There is no doubt that Americans are sick of these wars, the more so since the President who has committed us to the most important one in which we are engaged barely defends it. The opinion has turned so much against this involvement that there is no basis on which to say anything much in public. Biden, as part of an administration that has committed us to a war, taunted his opponent Paul Ryan, asking him if he really wanted to say anything in favor of accomplishing some objective, even at a small price (maybe staying longer, or keeping a residual force). The “war” President appeals to the anti-war sentiment. He has mastered the art of pandering against his own policy. As I said, Americans are sick of these wars; people today think the folks in this region are just plain hopeless, so it’s time to stop thinking about them. Americans on the right may still appreciate hearing some general words about strength, but under the circumstances today you don’t dare go further.
If there was any possible downside to the Obama policy, it was staved off by two things: Obama (well the USA) killed Osama, and there were no significant terror attacks, outside of Afghanistan, on US assets. For anyone who would complain about “weakness,” the President could also mention droning, which is the modern synonym for water boarding. And in truth, this part of the war has been persecuted with much vigor and efficacy. It has been a silent war, but a deadly one.
All this sets the context for Lybia. Perhaps the impulse to cover up was an effort to hide the mistakes in taking the proper measures to protect the Ambassador and his team. In retrospect, this looks bad and would have looked bad. It seems it is likely more than that, however. It was part of the public campaign of denying or soft-peddling a reality. Of course it was foolish, because at a small price the President could have taken charge, admitted some errors in not protecting the Ambassador, and then stepped up as a tough fighter or terrorism. Why not? He had enough credibility to follow this path and turn it to his advantage, as a resolute leader. Instead, we have seen a public display of weakness, excuse making and a failure of honor. Treating four fallen Americans as ploys for a political tactic is more than most can stomach.

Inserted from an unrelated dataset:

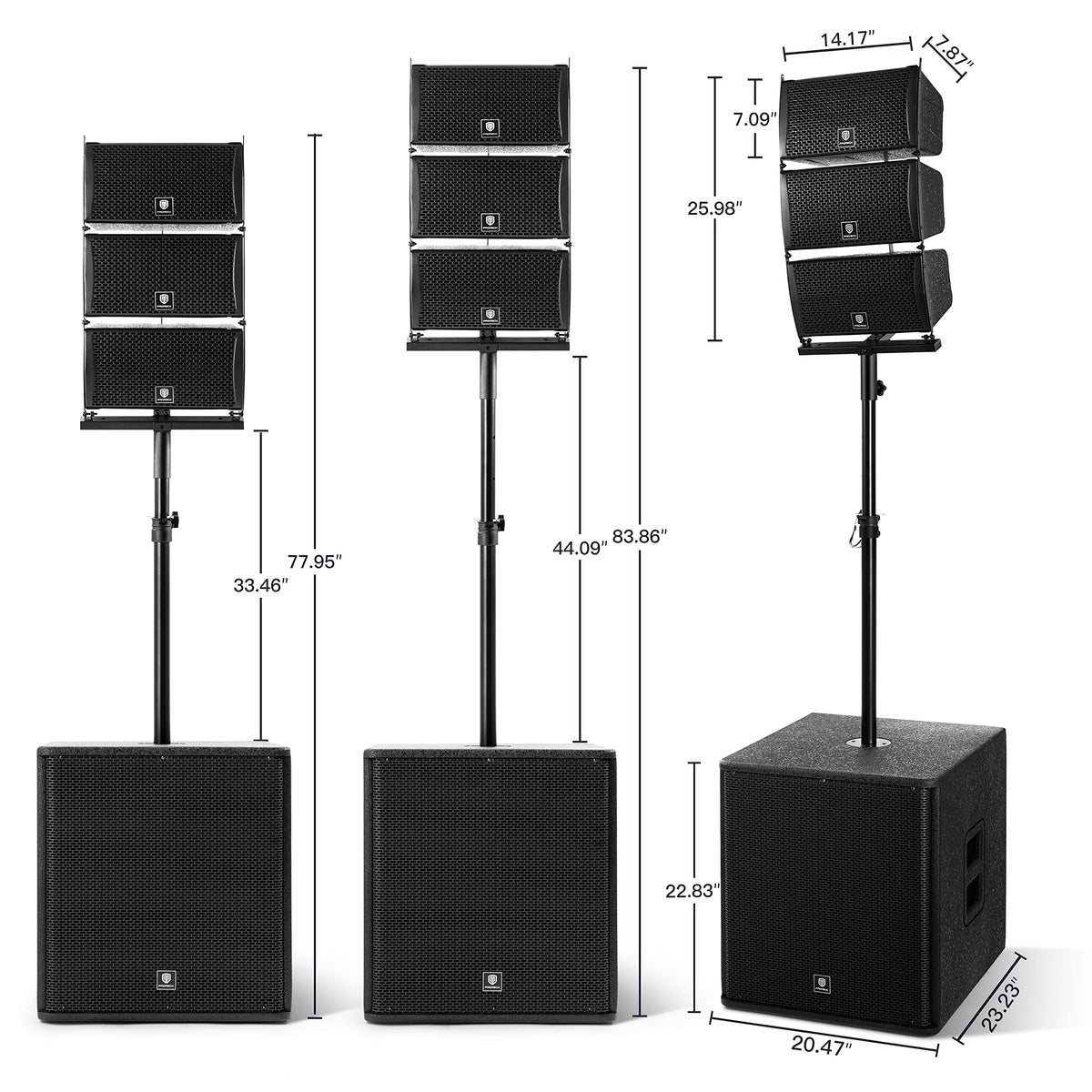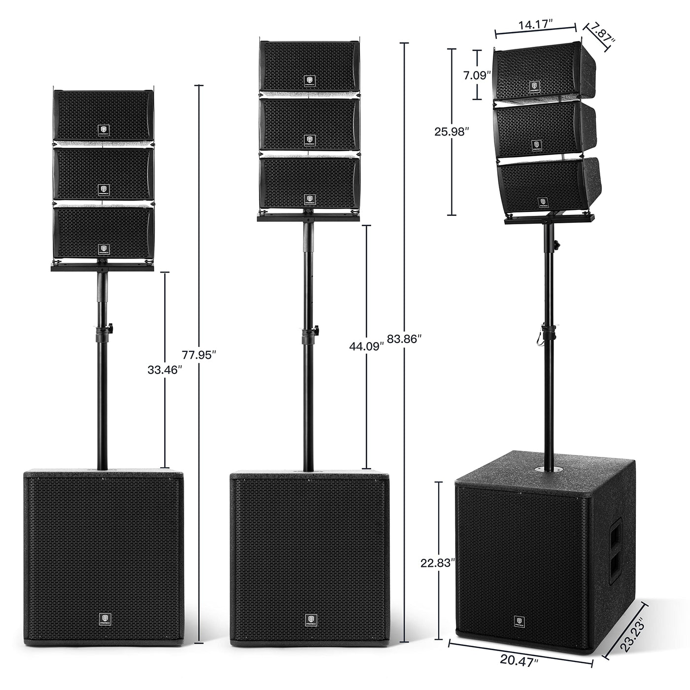 Q: What is the weight and dimensions of the PRORECK Club 8000 speaker system?A: The system is shipped in three separate packages with weights of 95.5 lbs, 83.3 lbs, and 59 lbs. The dimensions are 26.3 x 24 x 25.8 inches for the subwoofer and 28.3 x 16.5 x 20.86 inches for the line array speakers.
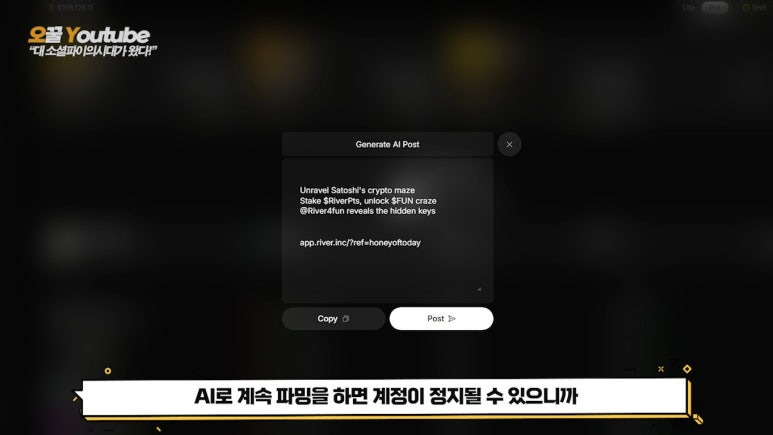 사이트 내에서 ‘Post’를 클릭하면 AI가 포스팅 문구를 자동으로 생성해주긴 하는데, AI로 계속 파밍을 하면 계정이 정지될 수 있으니까 되도록이면 수동으로 작성하시는걸 추천드립니다.

Which brings me back to the election of 2012. It is a question of attitude and disposition. Romney talks a lot about exceptionalism, and he is in a party where the dominant voices are still ones of strength. When it gets to the particulars, he is not going to be able to differentiate himself from the administration on Afghanistan and Iraq in public discussion in the debates. Nor should he risk his chances by being too specific. I do have some confidence that he would have acted differently than the President and will act differently if elected.